[personal profile] diejacobsleiter

Третья глава Лунь Юй большей частью посвящена теме узурпации. Про то, как местные князья узурпируют обряды, на которые только император имел право: жертвоприношения, гимны, танцы, музыка и т.д. И тем самым разрушают знаковую систему единой страны, а с нею – и саму страну. И действительно: начав с почетных и ритуальных символов власти, князья постепенно добрались и до самой власти, уничтожив династию Чжоу и ввергнув Поднебесную к III веку до н.э. в полосу упадка, войн и бедствий.

К самым важным текстам 3-й главы можно отнести 10-й и 11-й, где речь идет о ритуале , ди, поминальной службе посвященной основателю династии, а через него – божественному первопредку императоров, самому Небесному Владыке , Ди.

Ритуал ди был средоточием знаковой системы страны, туда сходились все смысловые линии и связи. Это был как бы главный симболяриум Поднебесной. Ее культурный код.

Совершать ритуал мог только царь. В «Ли-цзи» несколько раз повторяется: 禮不王不禘, «[правила-] ли: не царь – не [совершаешь] ди». Поэтому Конфуцию самым страшным узурпаторским поступком должно было казаться то, что царский ритуал ди стали проводить местные князья, в частности – его княжества Лу. Более явного признака распада страны он не мог себе представить.

Под этим углом зрения можно понять и текст 3-11.

Некто спросил, в чем смысл обряда ди. Учитель сказал: «Не знаю. Тот, кто знает, в чем смысл обряда ди, для того Поднебесная – все равно что вот это». И он открыл свою ладонь.

Конфуций намекает, что в коде обряда ди содержатся все важные смыслы, касающиеся культуры и гос. устройства Поднебесной, и овладевший этим кодом может понимать смысловую структуру Поднебесной и следовательно – править страной. Но он демонстративно отказывается обсуждать этот код: «не знаю». Почему?

Уклонения от высказывания – это чисто китайский культурный феномен, с долгой и развитой историей, имеющей в том числе и религиозные корни (например, табу на имена правителей, о котором недавно писал). Знать и при этом сказать «не знаю» – это не ложная скромность, не притворство и не жеманство, и уж тем более не дурацкий «эзотеризм» («только для посвященных»), а другое высказывание; в данном случае – скорее всего, политическое. (Вообще, понимать молчание как отсутствие высказывания – неправильно: это тоже вид высказывания.
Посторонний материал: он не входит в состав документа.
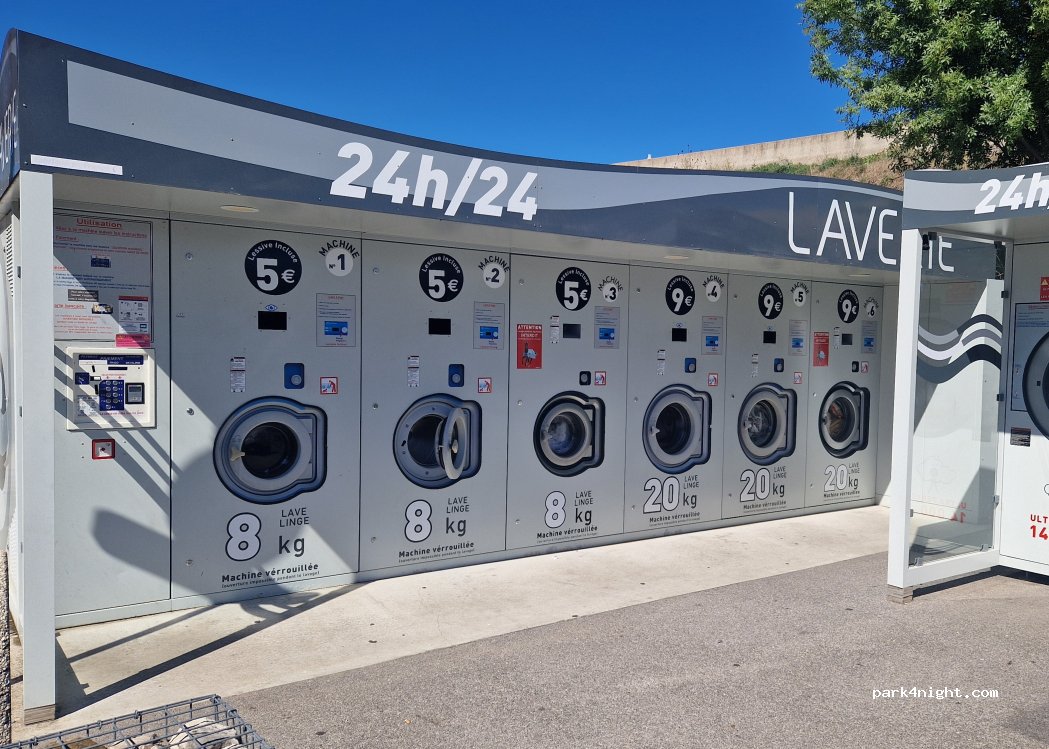 Bonne laverie 24/24, tout fonctionne bien, je viens de mettre à jour la fiche Park4Night.

Иногда подчеркнуто-выразительный.) А «незнание» можно спокойно исключить: то, что он был экспертом по обрядам и знал тему досконально, известно хотя бы из того, что князья присылали к нему своих «министров обрядов» для консультаций.
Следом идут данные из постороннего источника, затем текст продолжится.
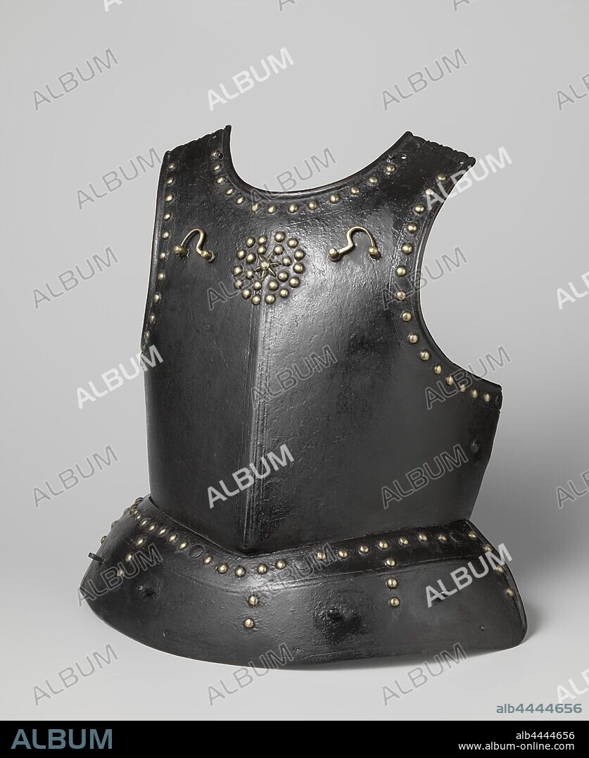 Breastplate of iron kuras, Breastplate, painted black, made of two plates, the arm and neck cut-outs flanged around, at the height of the arm cut-out two copper swivel hooks and copper knobs for attaching the shoulder straps. Two pins on either side of the neckline. Straight midbone, with a small bulge below. In the center of the breastplate a copper star surrounded by copper rivets. Parallel to the flanged edge, copper rivets and double decorative lines. The abdominal collar is riveted to the breast plate and has four pierced eyes for attaching the thigh plates. Parallel to the top edge of the belly collar, copper rivets. Double decorative lines above and below the rivets. Four round holes at the bottom of the belly collar. The inside of the breastplate is painted black., anonymous, Netherlands, c. 1600 - c. 1699, borstplaat, klinknagels, h 40.3 cm × w 42 cm × l 16 cm.

Чжу Си объясняет это и тем, что Конфуций не хотел перед посторонним пускаться в разговоры на тему, требующую – не «посвящения», нет, а просто – должных знаний и должных человеческих качеств. Все-таки, ритуал ди был одной из святынь имперского Китая, эта тема требовала большого такта и ума; обсуждать ее с каким-нибудь прохожим циником или досужим болтуном было бы неуместно.

В тексте не сказано, кто спросил; и это редкость для Лунь Юй, где и «хорошие», и «плохие» собеседники имеют имена и лица. Фраза «кто-то спросил» настолько редка в книге, что кажется сказанной нарочно: либо о том, кого пожелали забыть, либо о том, кого пожелали скрыть (ибо тема – деликатная), либо чтобы подчеркнуть случайность и посторонность собеседника.

Чжу Си пишет: «В самом уделе Лу нужно было молчать о том, что, по правилам, не царствующий не  приносит царской жертвы ди. Ввиду всего этого Кун-цзы и ответил незнанием.» Конфуций, при всей своей открытости, не стал обсуждать это политическое табу с посторонним, который мог быть просто провокатором. Сама идея – затевать в княжестве Лу запретный разговор об узурпированном ритуале ди – выглядит примерно так же, как в СССР в 30-е годы задавать человеку вопрос об отношении к советской власти: чистой провокацией.